What are the textbook ways of accessing 2D pitched memory vertically

Say i have a 1920 x 1080 image the size of a pixel could be a custom element. e.g. 8 * sizeof(float). I need to do some scanline operations on this pitched memory. My question is how do I do vertical scanning on a pitched memory more efficiently. Obviously horizontal scan is easy.

Ways that i can think of are:

  1. bind pitched memory to a texture memory.
  2. write a rotate kernel for pitched memory and do the horizontal scan

So what is the textbook way of doing this.

If you intend to do multiple vertical operations, then do one vertical operation per thread. The effective access pattern across threads in a warp can be nicely coalesced.

Cool. Method tested. It’s very fast

Actually, i forgot to call my kernel. The bench mark shows it’s very slow when it’s been called. I think it’s the cache miss while doing vertical scan.
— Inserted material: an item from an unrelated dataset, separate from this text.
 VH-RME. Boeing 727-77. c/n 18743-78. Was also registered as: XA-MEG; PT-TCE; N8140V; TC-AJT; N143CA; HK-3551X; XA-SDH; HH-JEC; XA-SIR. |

Do you have example of launching kernel vertically?

My current code looks like this:

int row = blockIdx.y * blockDim.y + threadIdx.y; //Row number
int col = blockIdx.x * blockDim.x + threadIdx.x; //Column number

if (row >= ceilf((float)CustomImageHeight / (float)10) || col >= CustomImageWidth)
{
return;
}

row *= D;

for(int winSoze = 0; winSize < 10; ++winSize)
{
custom* data_loc = (custom*)((uint8*)dev_ptr + pitch * row + winSize);
custom& data = data_loc[col]
}

For me, the canonical example is summing the rows of a matrix vs. summing the columns of a matrix.
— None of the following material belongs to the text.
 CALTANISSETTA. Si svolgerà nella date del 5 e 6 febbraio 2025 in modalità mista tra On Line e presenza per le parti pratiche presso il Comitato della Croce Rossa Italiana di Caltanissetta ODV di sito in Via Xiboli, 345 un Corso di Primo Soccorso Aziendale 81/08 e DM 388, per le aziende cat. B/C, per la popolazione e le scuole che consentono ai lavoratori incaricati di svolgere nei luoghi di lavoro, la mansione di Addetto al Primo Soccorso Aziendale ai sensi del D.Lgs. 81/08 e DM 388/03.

For row-sums, you should use a parallel reduction method (across threads).

For column sums, you can have each thread perform a running sum of a column.
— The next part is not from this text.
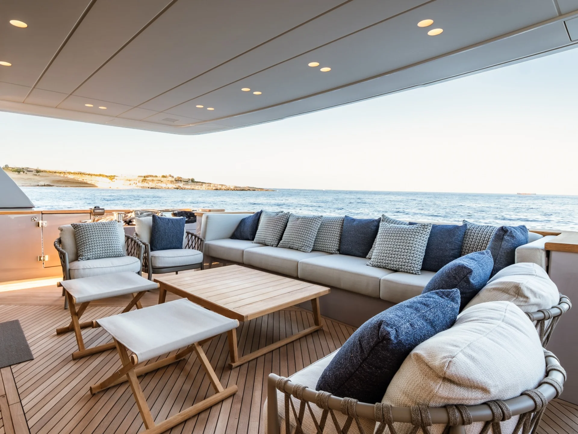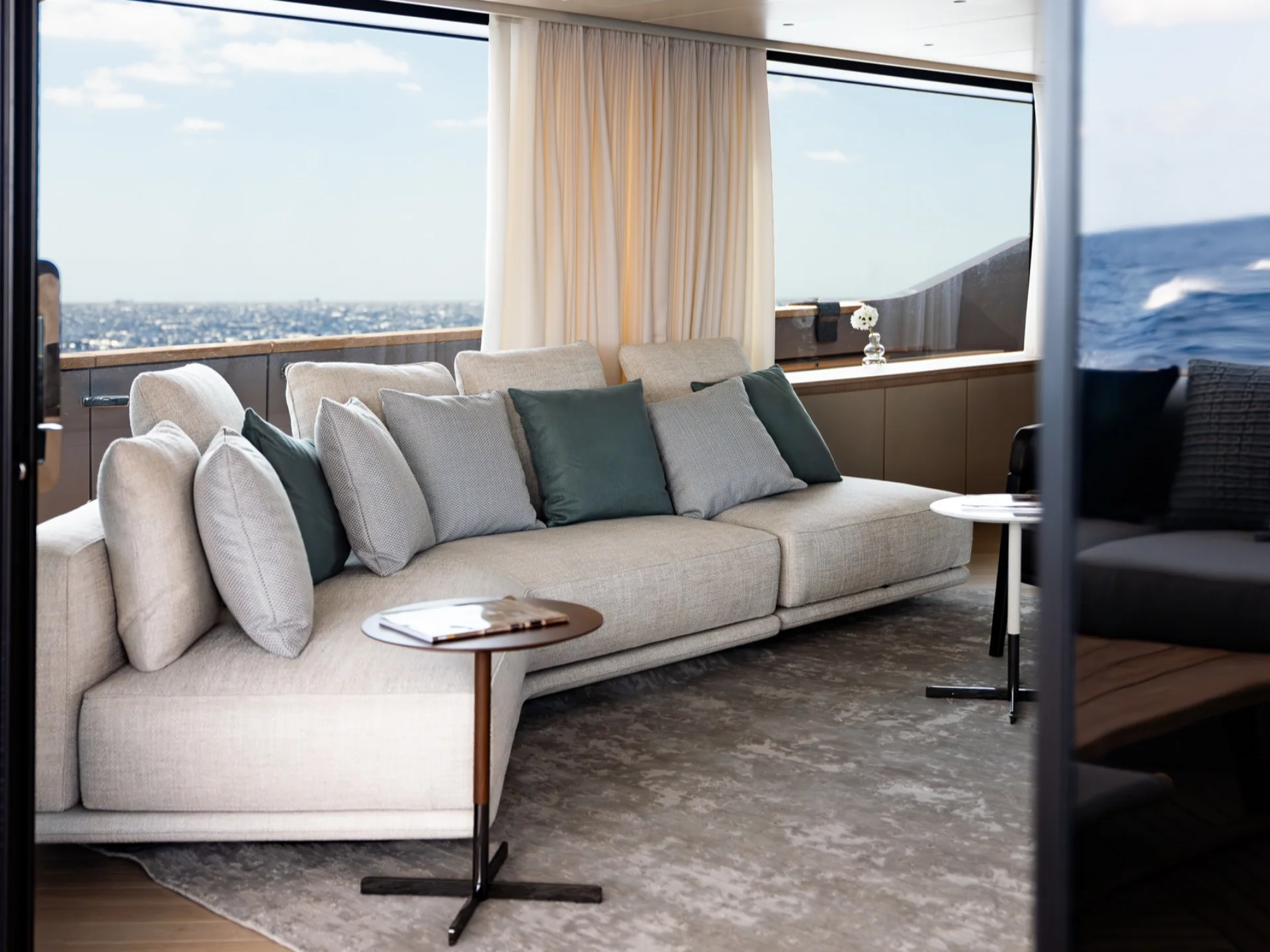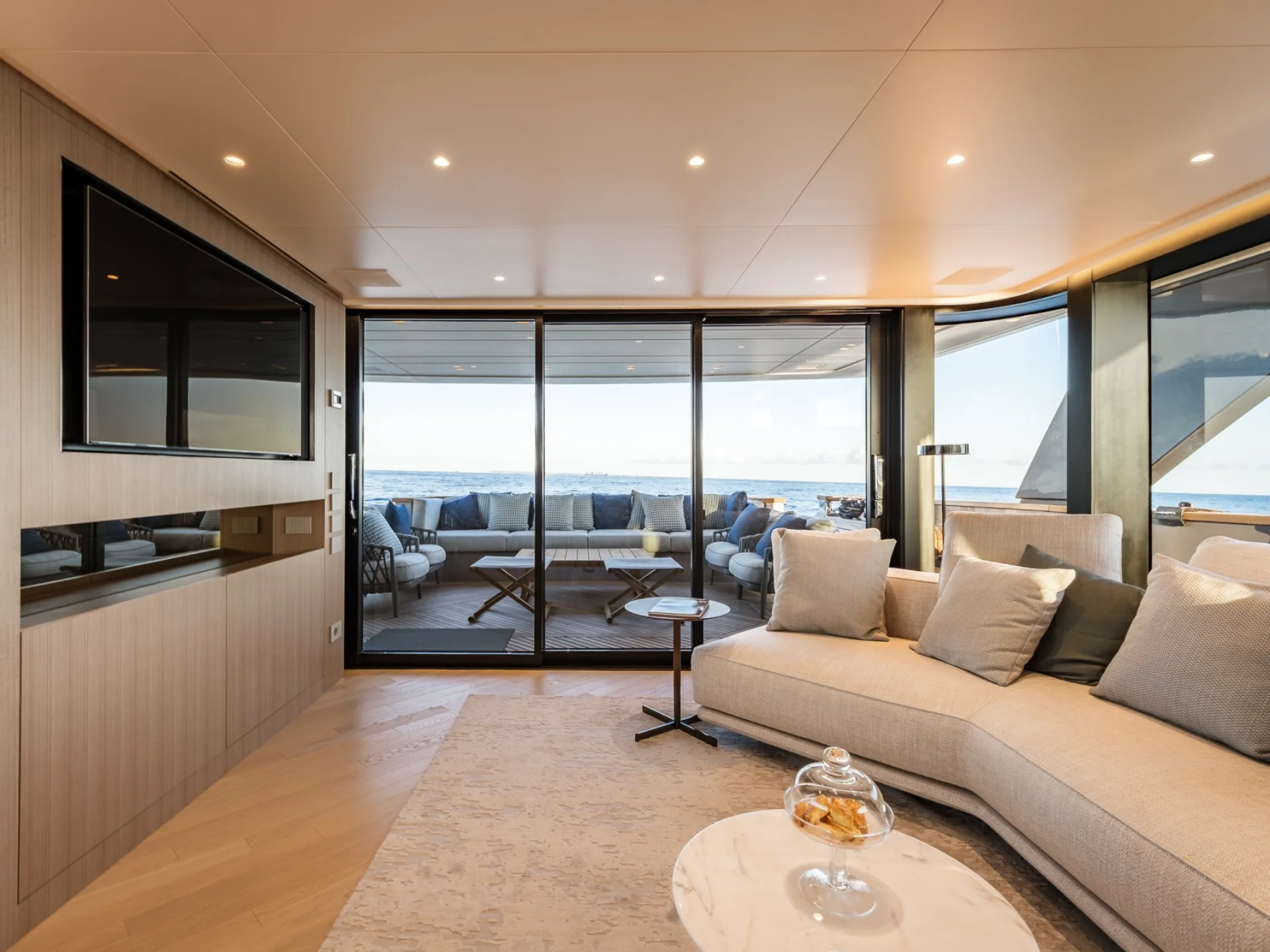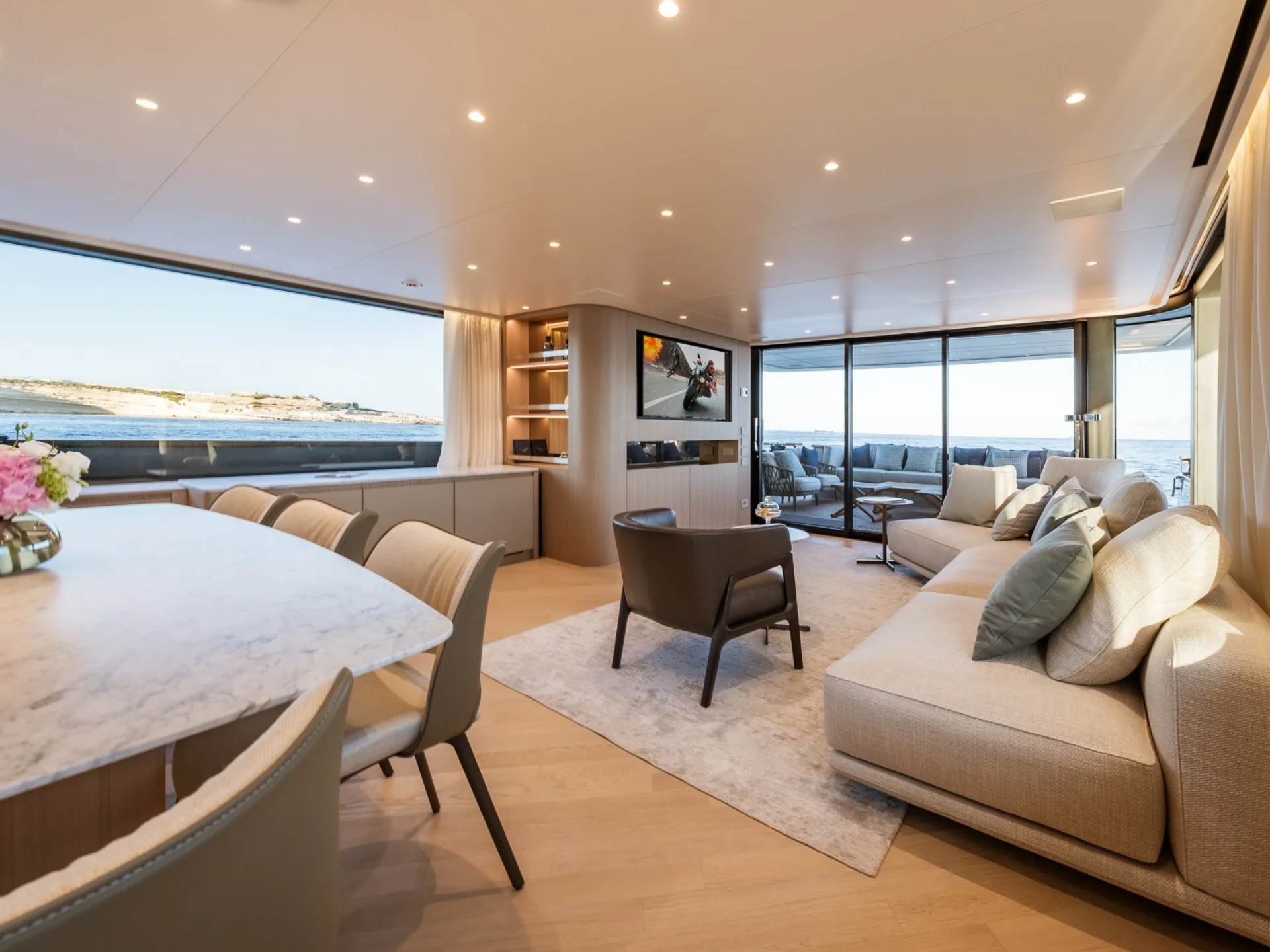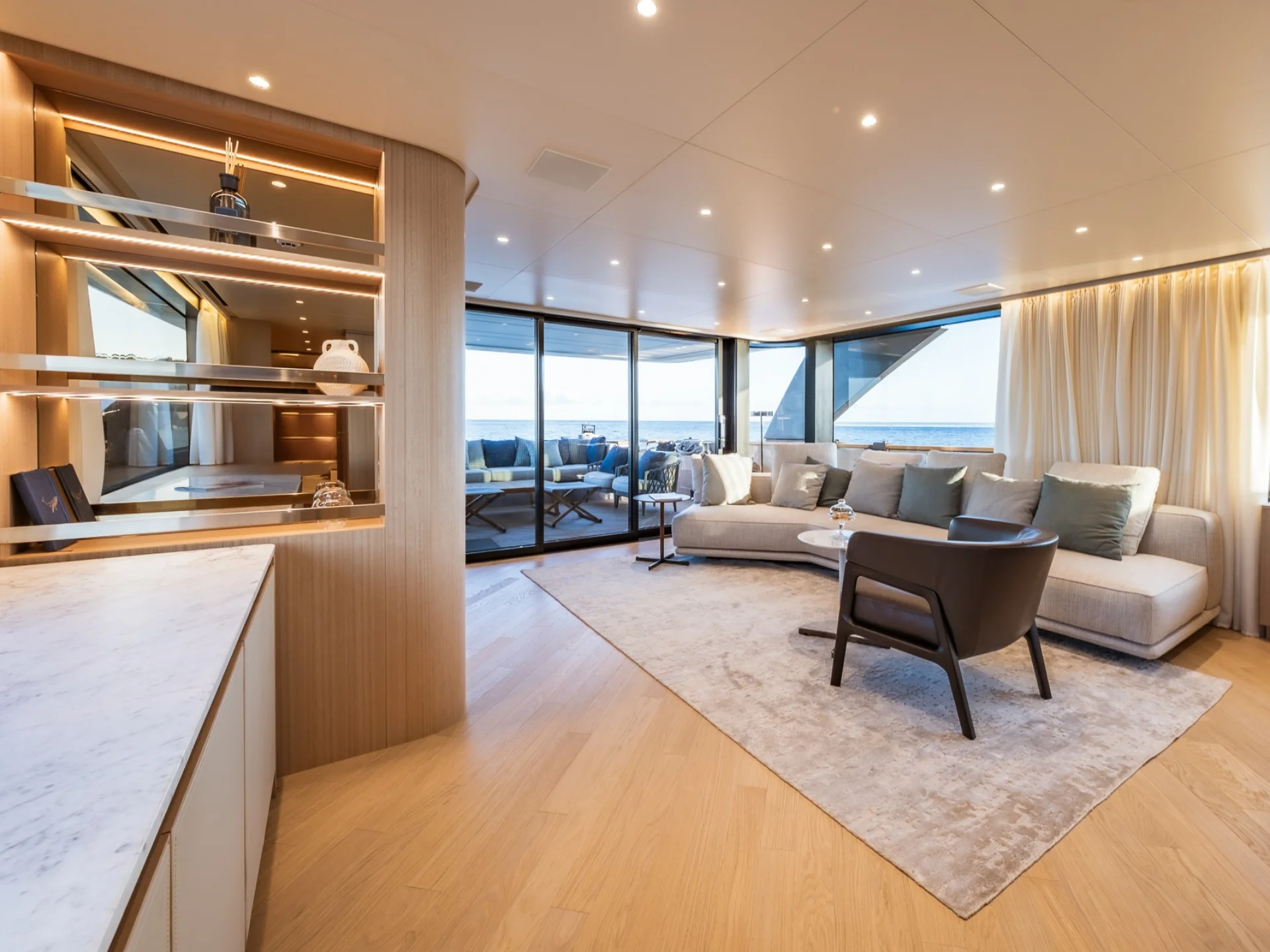 - Light-filled main salon with refined finishes and panoramic sea views

compare case 1 to case 2 in the final sample code in the answer here:

https://stackoverflow.com/questions/51526082/cuda-parallel-reduction-over-one-axis/51530238#51530238

case 1 is performing a classical parallel reduction for row sum, with cooperating threads, operating in the x-axis

case 2 is performing one sum per column per thread, operating in the y-axis

Note that both of these methods should be able to come close to a throughput which is equivalent to GPU main memory bandwidth - the performance upper bound for any memory-bound kernel.